The new curriculum for the 60 Hour Yin Yoga Teacher Training Mindfulness, Meridians, Psychology, Anatomy brings evidence based science to light and further layers this with the pathways of energy in Chinese Medicine known as Meridians.
We are still doing yoga! But we learn that there are several ways we can perceive and understand what is happening in our bodies, thereby increasing our sensory perception. Why would this benefit us? I can think of one good reason immediately. When we know what is happening, we can do something about it! We can make appropriate and well informed choices. And we can begin to trust that what we feel is real. Understanding our symptoms becomes invaluable information to us before anything escalates and becomes worse.

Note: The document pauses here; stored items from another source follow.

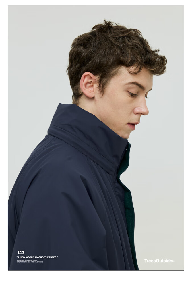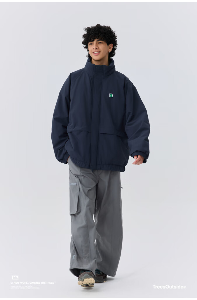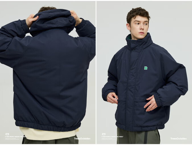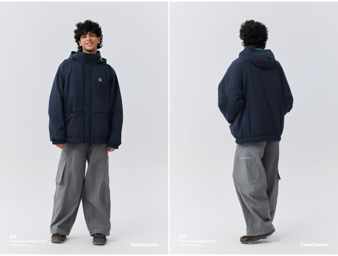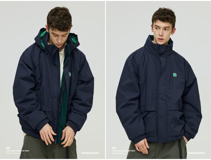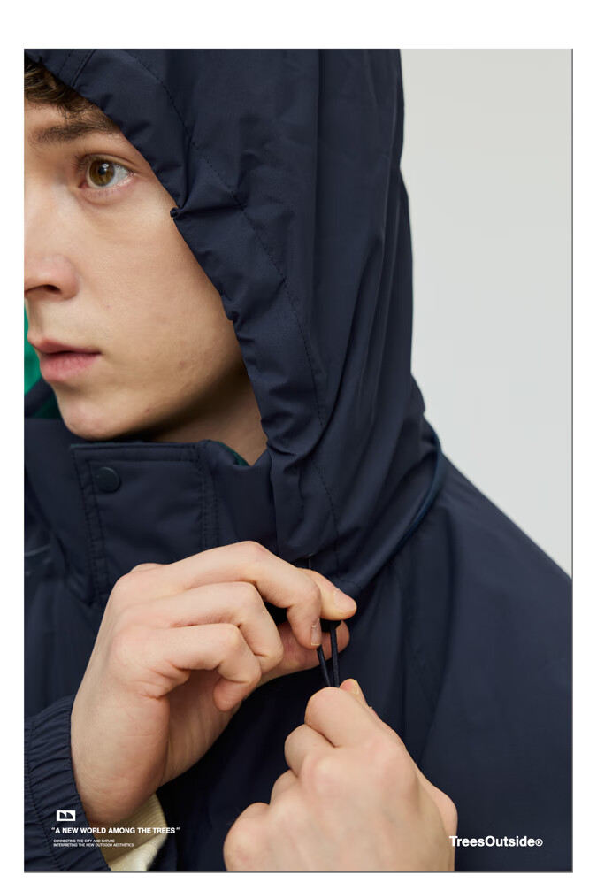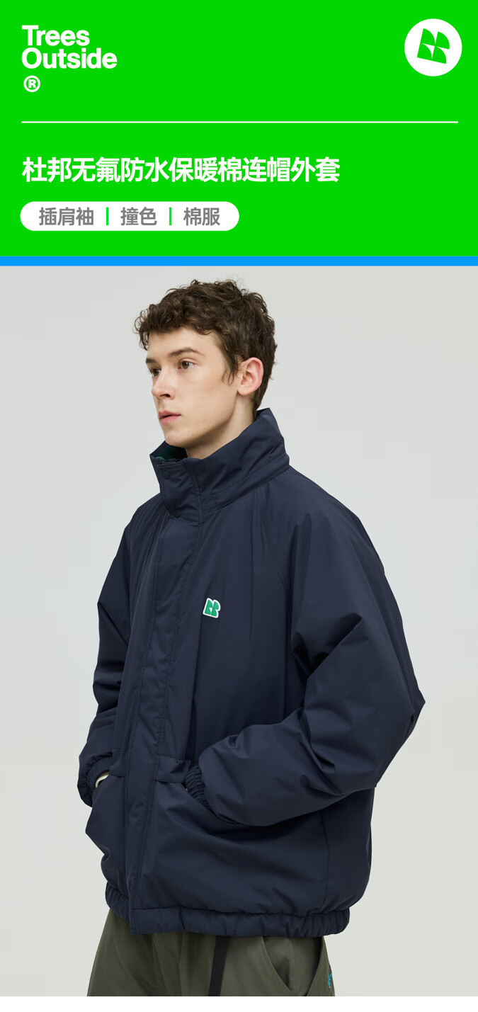 warmtreesTreesOutside杜邦无氟防泼水保暖棉连帽外套棉服 藏青色【帽子可收纳】 M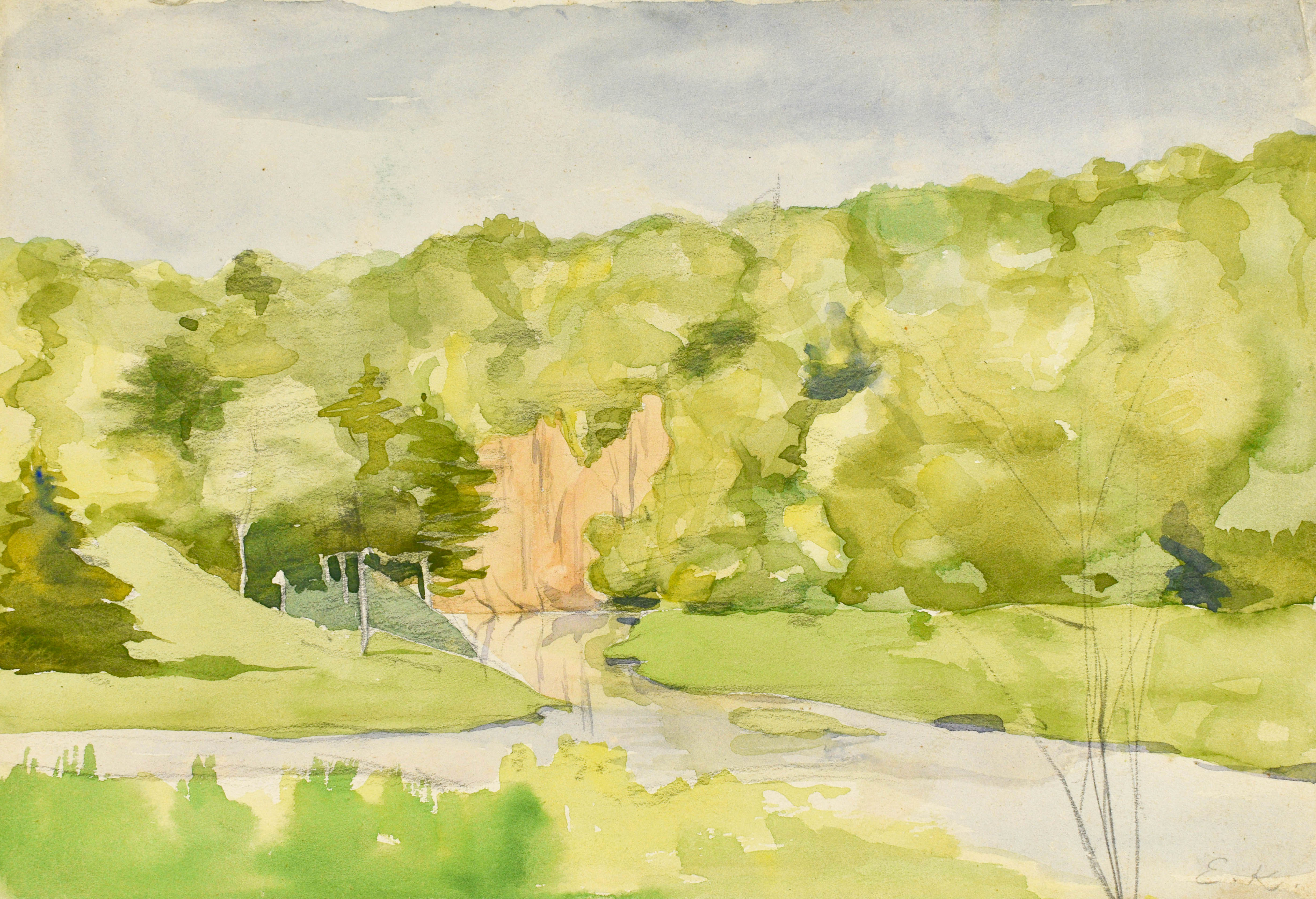 akwarela na podrysowaniu ołówkiem, papier; 18,5 x 26,8 cm;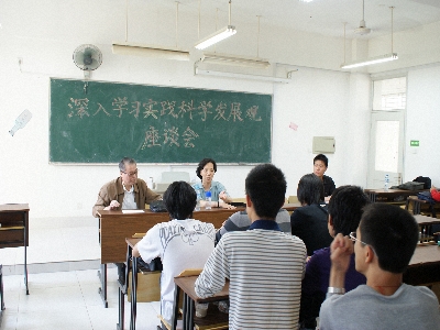 整个活动分为5个小组进行,每个小组的活动都是在同学们热烈的掌声中开始。关工委的老同志们首先结合学校“推进科学发展,建设有特色高水平大学”的主题,就科学发展观深刻内涵、精神实质和重要意义及其与学校发展、个人发展中的关系等问题向同学们作了详细的讲解,以便大家对科学发展观有个基本了解和围绕主题展开讨论。

If you want to know more about the upcoming training in January 2024, click here for more details.
And the new schedule for 2024 is now online.
In Level 2 Yin Yoga Teacher Training next Spring, the science behind the behaviour of fascia and the soft tissue network is taught as well as how meridian energy of the Yin Yang organ pairs moves through this 3dimensional matrix. In fact we study both through easy to visualise 3 dimensional videos which facilitates the understanding of Chinese Medicine and Fascia in a much clearer way. The Mindfulness focus is continued through daily Meditation with developing psychological enquiry practices.